### Exercise requirements
Line by line, transcribe the data below exactly and pass over the images.

[Records from a data source]
━━━

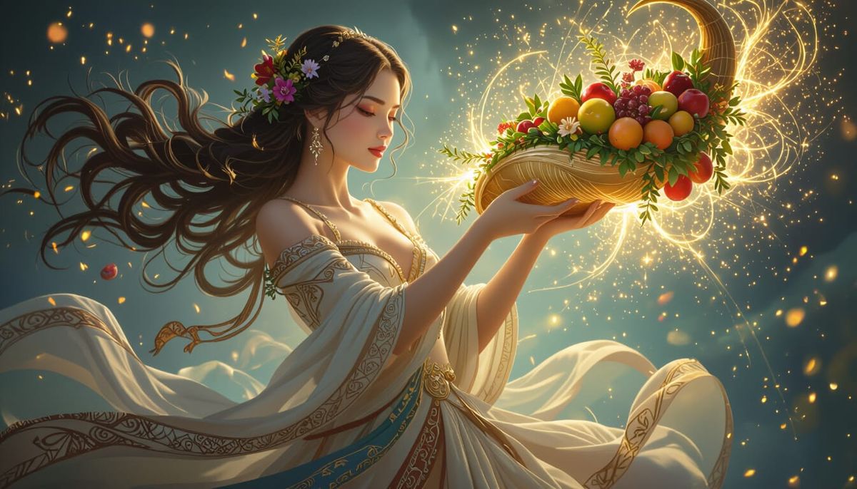 A stunningly realistic image of a woman floating with a cornucopia spilling fruits and flowers. Magical sparkles and light emanate, captured with detailed, cinematic fantasy lighting.
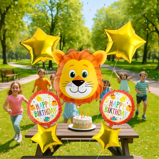 Táto tematická sada prinesie na vašu oslavu atmosféru divokej prírody. Vďaka kombinácii leva, nápisov HAPPY BIRTHDAY a zlatých hviezdičiek ľahko vytvoríte pútavú výzdobu, ktorá zaujme deti aj dospelých.
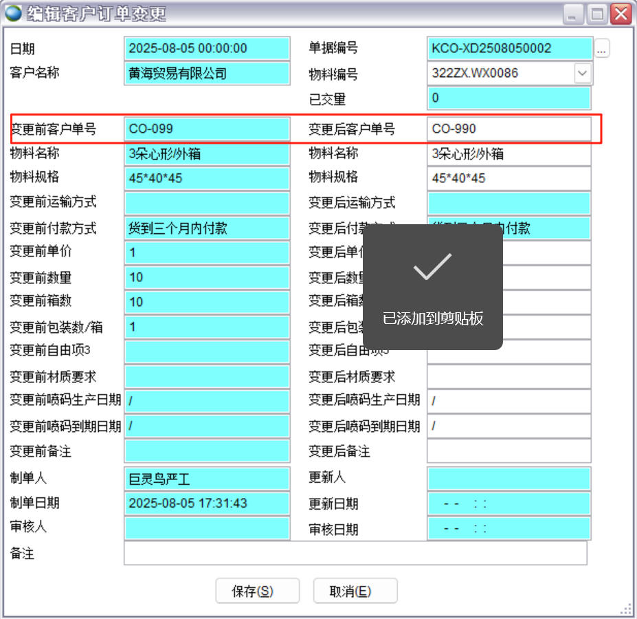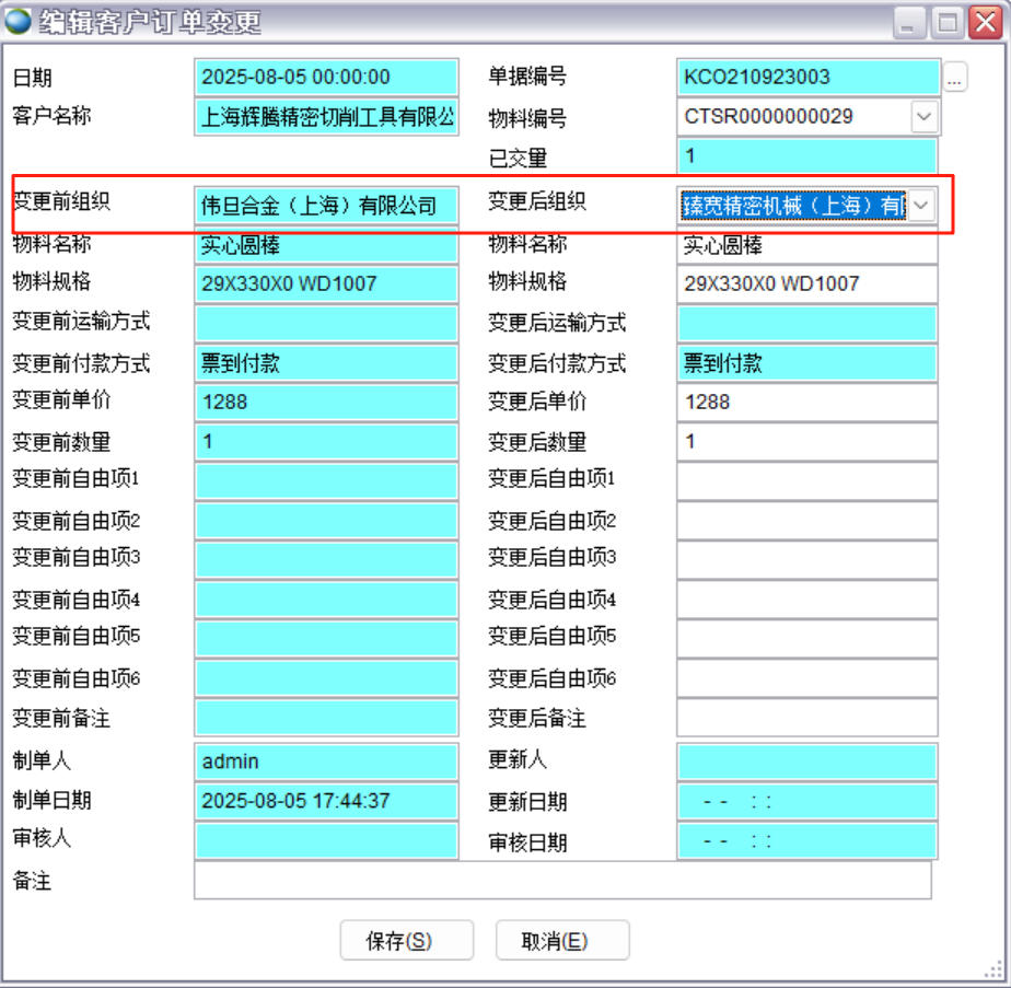 對(duì)客戶訂單中自定義的自由項(xiàng)也可以進(jìn)行變更
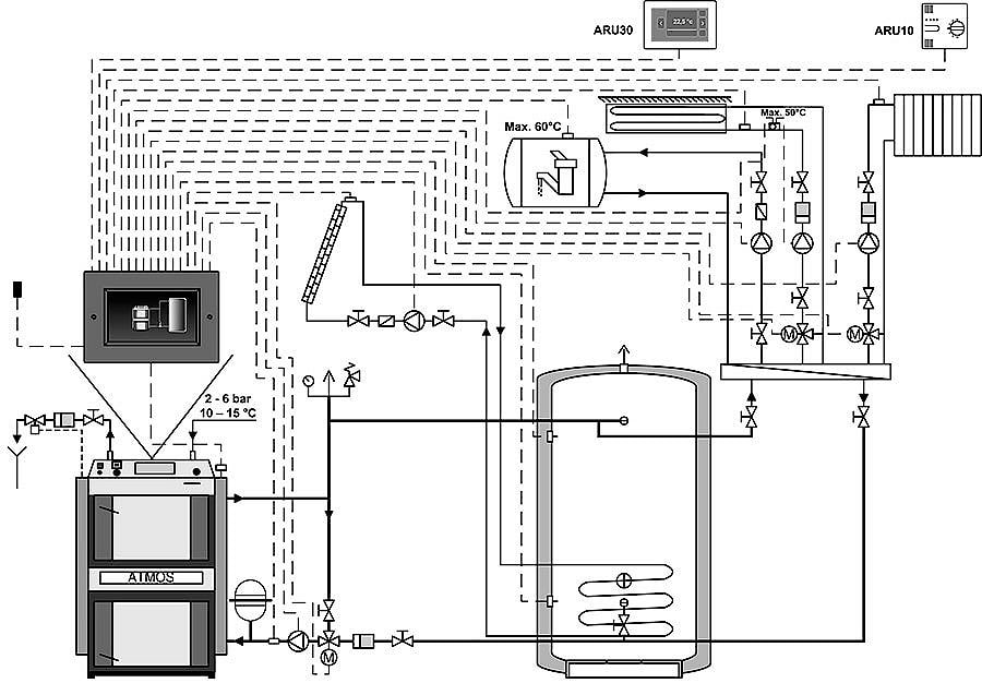 Схема подключения пиролизного котла ATMOS с автоматикой управления системой отопления ATMOS ACD 03:
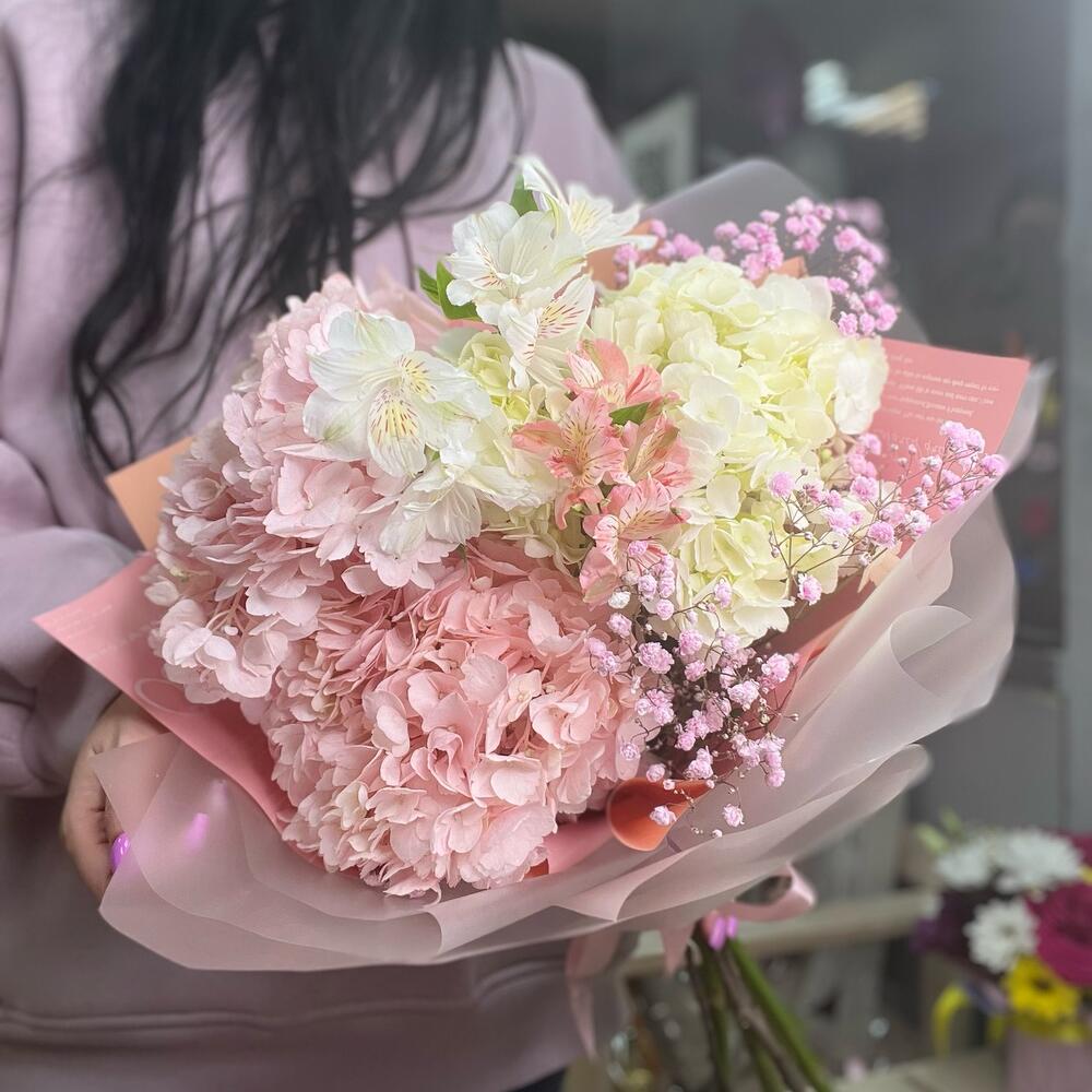 Гипсофила – 1 шт.Гортензия – 3 шт.Упаковка дизайнерская – 1 шт.Альстромерия Микс Европа – 2 шт.
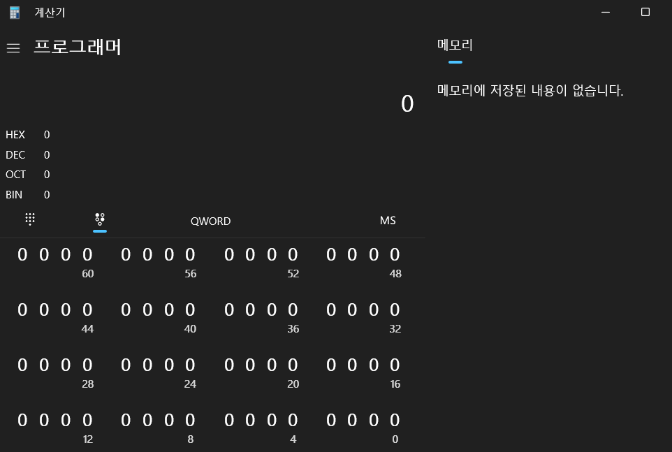 20은 2진수로 00010100입니다./// 윈도우 계산기 - 프로그래머로 가면 이렇게 비트 계산기를 쓸 수 있음
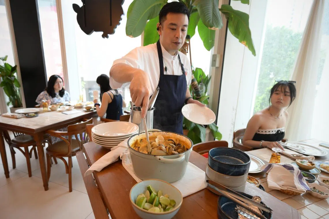Chef Anthony Yeoh at his restaurant, Summer Hill, serving clam “mouclade” to his guests.
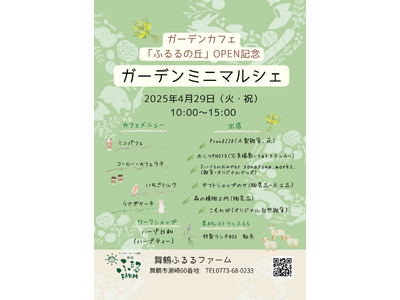 京都府舞鶴市の人気スポット「舞鶴ふるるファーム」に、四季折々の豊かな自然の中で、海を眺めながらミニパフェやケーキなどのスイーツやドリンクを楽しめる「ガーデンカフェふるるの丘」が令和7年4月29日(祝)にグランドオープンします。四季折々の美しい自然に囲まれた広大な公園で、こだわりのスイーツやドリンクを片手に、あったかほっこり心安らぐひとときをお過ごしください。
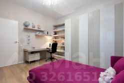 Детская комната оборудована качественной встроенной мебелью: большой гардеробный шкаф, широкий письменный стол, кровать.
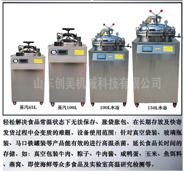 小型殺菌鍋:特經(jīng)過(guò)殺菌后,降溫冷卻時(shí),停止供應(yīng)蒸汽,將冷卻水壓入噴水管。由于鍋內(nèi)溫度下降,蒸汽冷凝,而使鍋內(nèi)力降低采用壓縮空氣的壓力來(lái)補(bǔ)償。
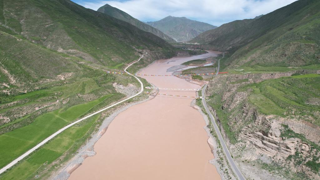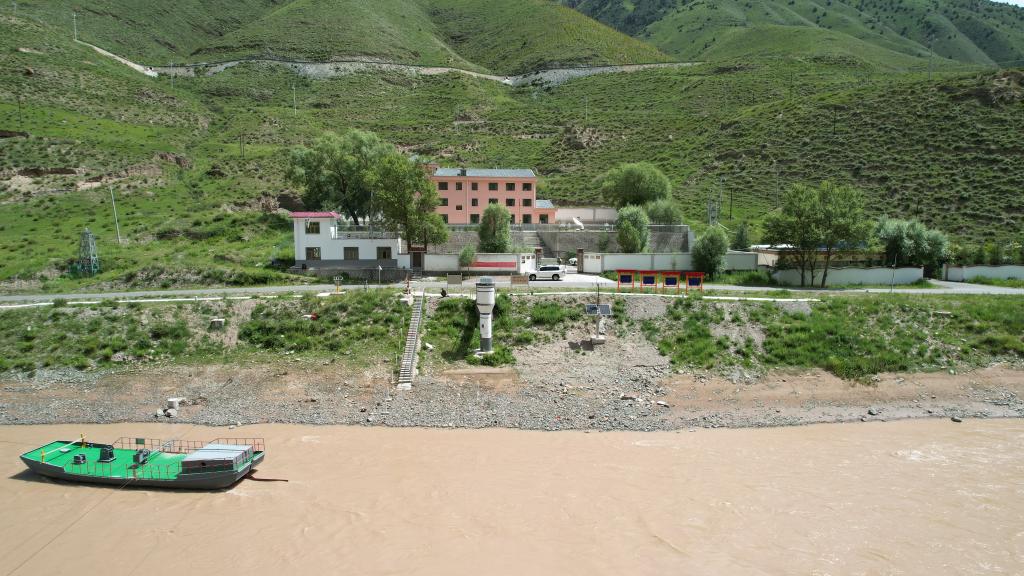 這是7月22日拍攝的通天河直門達(dá)水文站(無(wú)人機(jī)照片)。新華社記者 劉詩(shī)平 攝
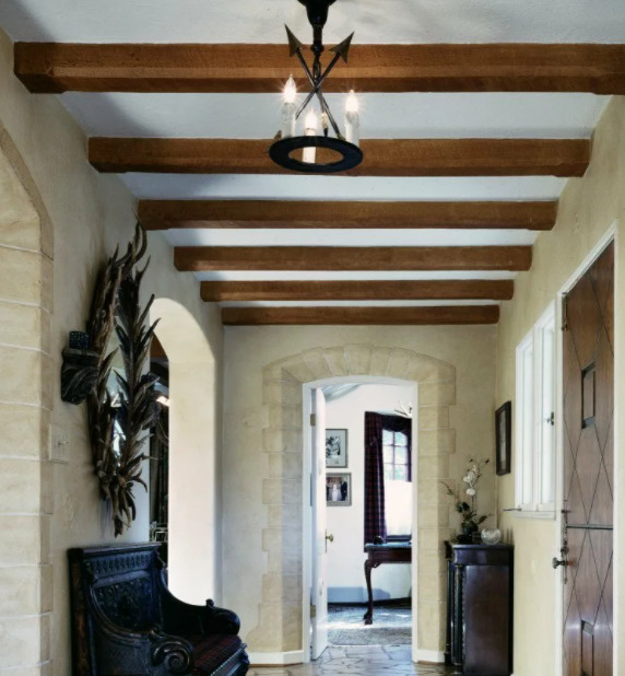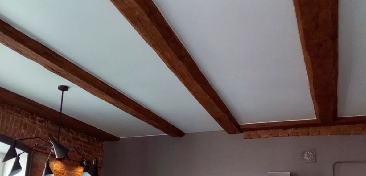 - Estructuras de vigas. Una solución bastante inusual e interesante que se usa a menudo en el interior de apartamentos modernos. Las vigas son ideales para cualquier estilo. Los techos con vigas lucen tanto en una Provenza romántica como en un estilo loft simple. Las vigas se pueden pintar del mismo color que el techo, imitar un patrón de madera o actuar como soportes de cojinetes metálicos.
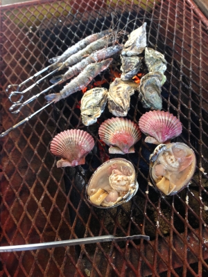かきの他にも ヒオウギ貝や大アサリ エビやカニなどいろいろあって
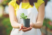 Samice w rękawiczkach trzymające młode kiełki w drewnianym pudełku
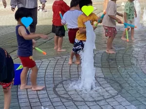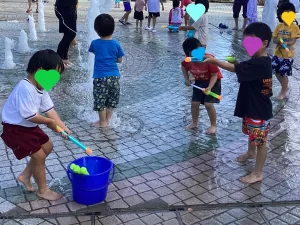 毎年夏になると広い噴水で水遊びができるので、どのクラスでも利用させていただいています。ありがとうございます。<(_ _*)>
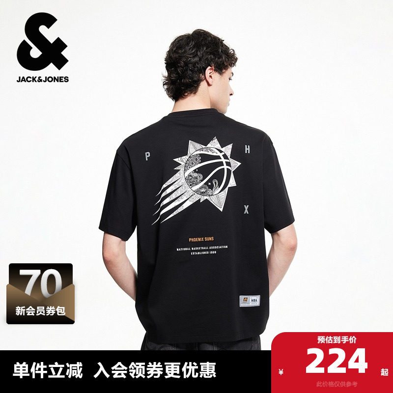 杰克琼斯男装夏季新款NBA联名T恤经典黑色百搭纯棉潮流短袖上衣
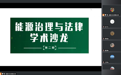 12月15日晚,全讯第二期能源治理与法律学术沙龙以线上会议形式顺利举办。本次沙龙由康雷闪老师主持,以全讯博士研究生近期学术研究成果为研讨主题。法学系全体无课教师,能源治理与法律博士研究生和硕士研究生共同参会讨论。

━━━

### Exercise answer
 A stunningly realistic image of a woman floating with a cornucopia spilling fruits and flowers. Magical sparkles and light emanate, captured with detailed, cinematic fantasy lighting.
 Táto tematická sada prinesie na vašu oslavu atmosféru divokej prírody. Vďaka kombinácii leva, nápisov HAPPY BIRTHDAY a zlatých hviezdičiek ľahko vytvoríte pútavú výzdobu, ktorá zaujme deti aj dospelých.
 對(duì)客戶訂單中自定義的自由項(xiàng)也可以進(jìn)行變更
 Схема подключения пиролизного котла ATMOS с автоматикой управления системой отопления ATMOS ACD 03:
 Гипсофила – 1 шт.Гортензия – 3 шт.Упаковка дизайнерская – 1 шт.Альстромерия Микс Европа – 2 шт.
 20은 2진수로 00010100입니다./// 윈도우 계산기 - 프로그래머로 가면 이렇게 비트 계산기를 쓸 수 있음
Chef Anthony Yeoh at his restaurant, Summer Hill, serving clam “mouclade” to his guests.
 京都府舞鶴市の人気スポット「舞鶴ふるるファーム」に、四季折々の豊かな自然の中で、海を眺めながらミニパフェやケーキなどのスイーツやドリンクを楽しめる「ガーデンカフェふるるの丘」が令和7年4月29日(祝)にグランドオープンします。四季折々の美しい自然に囲まれた広大な公園で、こだわりのスイーツやドリンクを片手に、あったかほっこり心安らぐひとときをお過ごしください。
 Детская комната оборудована качественной встроенной мебелью: большой гардеробный шкаф, широкий письменный стол, кровать.
 小型殺菌鍋:特經(jīng)過(guò)殺菌后,降溫冷卻時(shí),停止供應(yīng)蒸汽,將冷卻水壓入噴水管。由于鍋內(nèi)溫度下降,蒸汽冷凝,而使鍋內(nèi)力降低采用壓縮空氣的壓力來(lái)補(bǔ)償。
 這是7月22日拍攝的通天河直門達(dá)水文站(無(wú)人機(jī)照片)。新華社記者 劉詩(shī)平 攝
 - Estructuras de vigas. Una solución bastante inusual e interesante que se usa a menudo en el interior de apartamentos modernos. Las vigas son ideales para cualquier estilo. Los techos con vigas lucen tanto en una Provenza romántica como en un estilo loft simple. Las vigas se pueden pintar del mismo color que el techo, imitar un patrón de madera o actuar como soportes de cojinetes metálicos.
かきの他にも ヒオウギ貝や大アサリ エビやカニなどいろいろあって
 Samice w rękawiczkach trzymające młode kiełki w drewnianym pudełku
 毎年夏になると広い噴水で水遊びができるので、どのクラスでも利用させていただいています。ありがとうございます。<(_ _*)>
 杰克琼斯男装夏季新款NBA联名T恤经典黑色百搭纯棉潮流短袖上衣
 12月15日晚,全讯第二期能源治理与法律学术沙龙以线上会议形式顺利举办。本次沙龙由康雷闪老师主持,以全讯博士研究生近期学术研究成果为研讨主题。法学系全体无课教师,能源治理与法律博士研究生和硕士研究生共同参会讨论。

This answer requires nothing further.